Government policy & student loans
- Many argue federally backed, hard-to-discharge loans “broke the market” by making demand near price-inelastic: schools can raise prices knowing money is available and repayment is heavily enforced.
- Non‑dischargeability in bankruptcy is seen as removing lender risk, encouraging over-lending and enabling weak programs to survive.
- Some note federal loan caps for undergrads are relatively low per year, so can’t fully explain $100k prices; private loans also play a role.
- Others stress decades of state defunding of public universities pushed up tuition even without elite‑school dynamics.
Market dynamics, prestige, and signaling
- Degrees—especially from elite schools—are framed as signaling devices and class filters more than pure education.
- Prestige, networking, and perceived lifetime earnings justify very high prices for wealthy families; “freemium” model where full‑pay students subsidize aid recipients.

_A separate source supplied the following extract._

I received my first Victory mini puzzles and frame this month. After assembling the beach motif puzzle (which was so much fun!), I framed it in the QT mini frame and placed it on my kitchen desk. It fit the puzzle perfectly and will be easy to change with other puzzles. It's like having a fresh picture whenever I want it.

- Some see elite schools behaving like a cartel via shared admissions/aid mechanisms and Early Decision, limiting true price competition.
Cost structure: admin bloat & amenities
- Repeated claims of administrative bloat and “resort-like” campuses (luxury dorms, gyms, lazy rivers) absorbing tuition increases, while direct teaching is a minority of spend.

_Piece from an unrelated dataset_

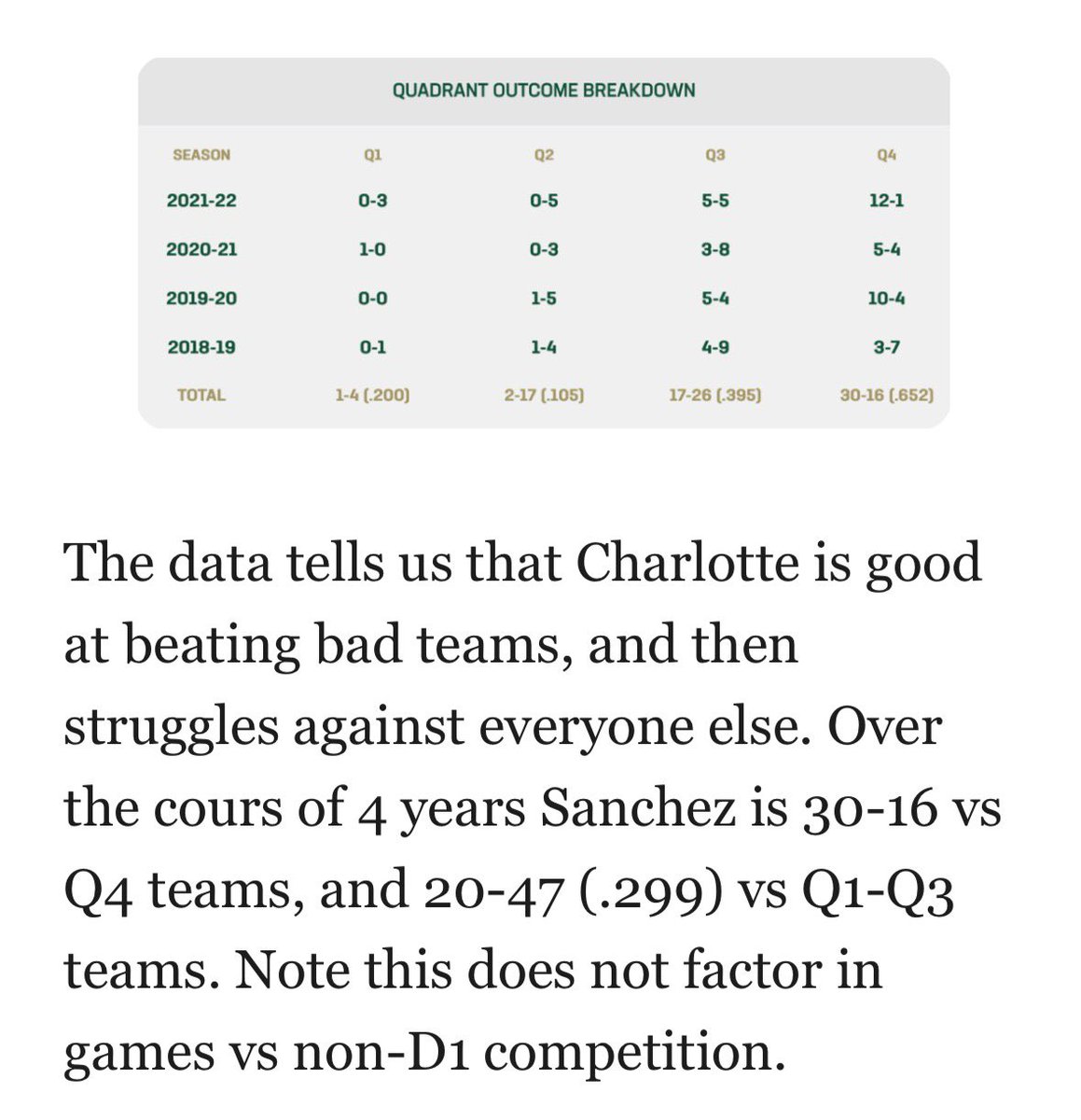 Does not factor non-D1 games likes Belmont Abbey.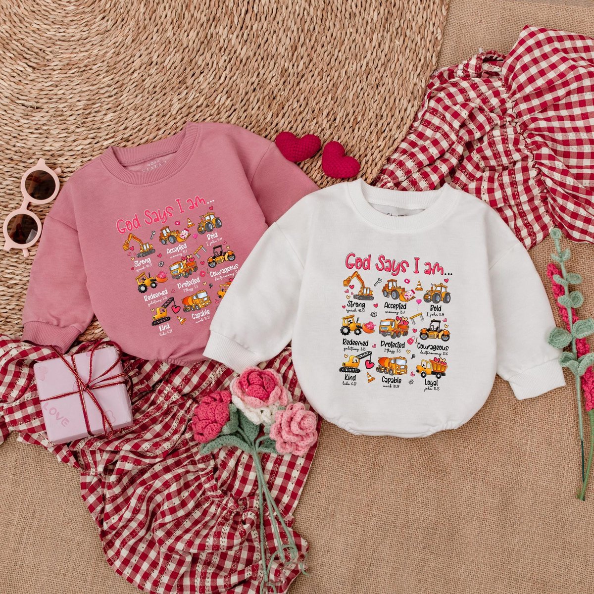 God Says I am Valentine Construction Romper Boys Valentines Baby Bodysuit Bubble Romper My 1st Valen 183

- Others counter that universities are complex organizations with real needs: compliance, labs, IT, facilities, health insurance, etc., though many still think staffing has overshot.
Public vs. private & international comparisons
- Most U.S. students attend public institutions, which are still relatively affordable but have seen steep hikes as state subsidies fall.
- Comparisons to Europe/Japan: foreign systems often cheaper but offer fewer amenities and less individualized support; U.S. schools are seen as a different, more expensive “bundle.”
Equity, class, and price discrimination
- Need‑based aid and “merit scholarships” are described as near-perfect price discrimination: schools ask for full financials, then charge almost exactly what each family can bear.
- Upper‑middle‑income families feel squeezed—treated like the ultra‑rich for aid purposes while facing high living costs.
- Income-based aid and other means-tested benefits are criticized for creating “welfare cliffs” and complex bureaucracy.
Alternatives & shifting demand
- Growing interest in trades, apprenticeships, bootcamps, community college, and skipping college entirely as costs rise and AI/internet erode the monopoly on knowledge.
- Some predict peak tuition and eventual enrollment decline; others think as long as employers prefer degrees, elite schools remain safe.
Proposed reforms (no consensus)
- Make student loans dischargeable in bankruptcy or cap/removal of federal guarantees.
- Put schools financially on the hook for bad loan outcomes or take equity‑style shares of graduates’ income.
- Hard tuition caps tied to eligibility for federal funds.
- Decouple certification from instruction (open exams for degrees).
- Increase public funding for state universities to force private competition.
Is it truly a crisis?
- Some insist the college wage premium still exceeds costs, so the system remains rational if unequal.
- Others argue even if the ROI is positive, charging $400k for what is largely signaling and lifestyle is socially destructive and misallocates resources.